EXERCISE GOAL.
None of the pictures should appear; the lines from the line containing "基于互联网影像云平台建立影像" through the last line of the listing must be repeated exactly.

SOURCE MATERIAL.
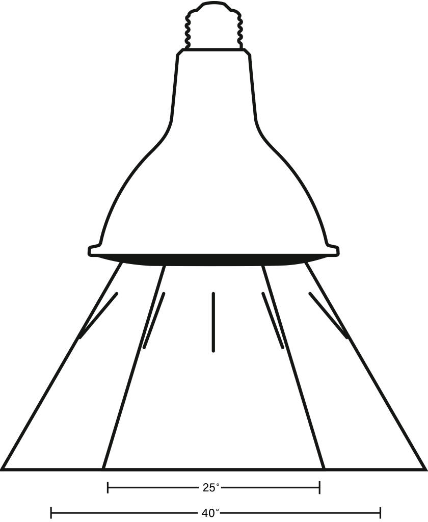 Dedicated Performance Series PAR lamps are available in both 25° narrow flood light beam angle and 40° standard flood light beam angle options. Power Select models have a 44° beam angle. A precision lens construction ensures an accurate beam angle for optimal performance.
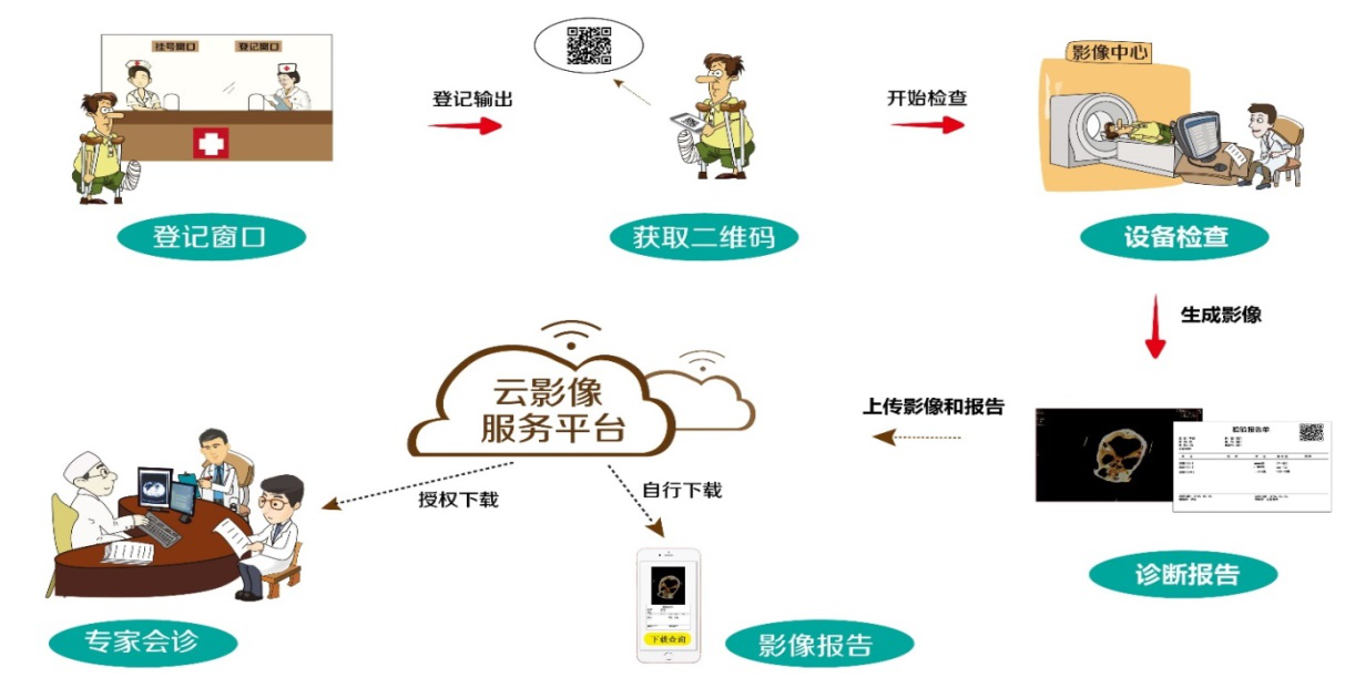 基于互联网影像云平台建立影像远程转检查系统,实现区域内医疗机构影像检查互转,提高设备使用率,病人在区域内任何一家医院都预约到响应医院的检查号,预约成功缴费后,病人到对应医疗机构等候排队检查即可,结果在相应医疗机构可下载打印,实现区域内检查互转。
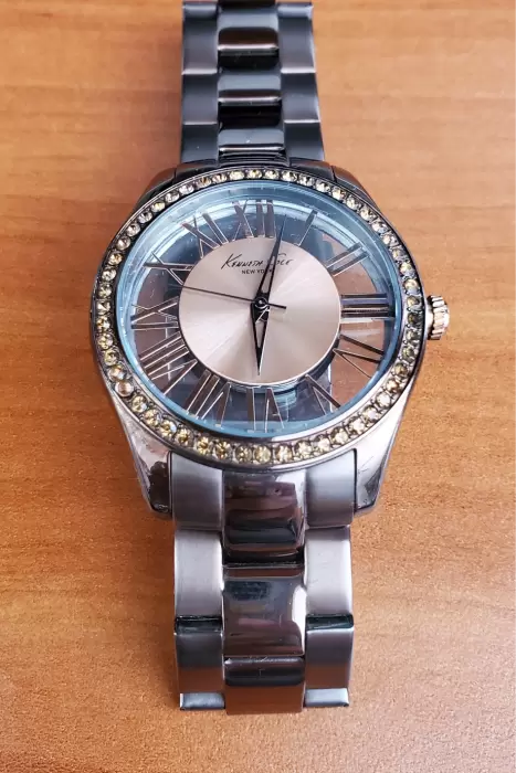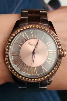 Reloj Kenneth Cole Café. Bonito Reloj Kenneth Cole , es color café, la carátula mide 4cm , el extensible incluyendo la carátula mide 23cm , el ancho del extensible es de 2cm, como detalle tiene unas piedritas que se hicieron de diferente color , no es muy notorio , se puede ver en las fotos y los rayones normales de uso. Se envía solo el reloj.

COMPLETED TASK.
 基于互联网影像云平台建立影像远程转检查系统,实现区域内医疗机构影像检查互转,提高设备使用率,病人在区域内任何一家医院都预约到响应医院的检查号,预约成功缴费后,病人到对应医疗机构等候排队检查即可,结果在相应医疗机构可下载打印,实现区域内检查互转。
 Reloj Kenneth Cole Café. Bonito Reloj Kenneth Cole , es color café, la carátula mide 4cm , el extensible incluyendo la carátula mide 23cm , el ancho del extensible es de 2cm, como detalle tiene unas piedritas que se hicieron de diferente color , no es muy notorio , se puede ver en las fotos y los rayones normales de uso. Se envía solo el reloj.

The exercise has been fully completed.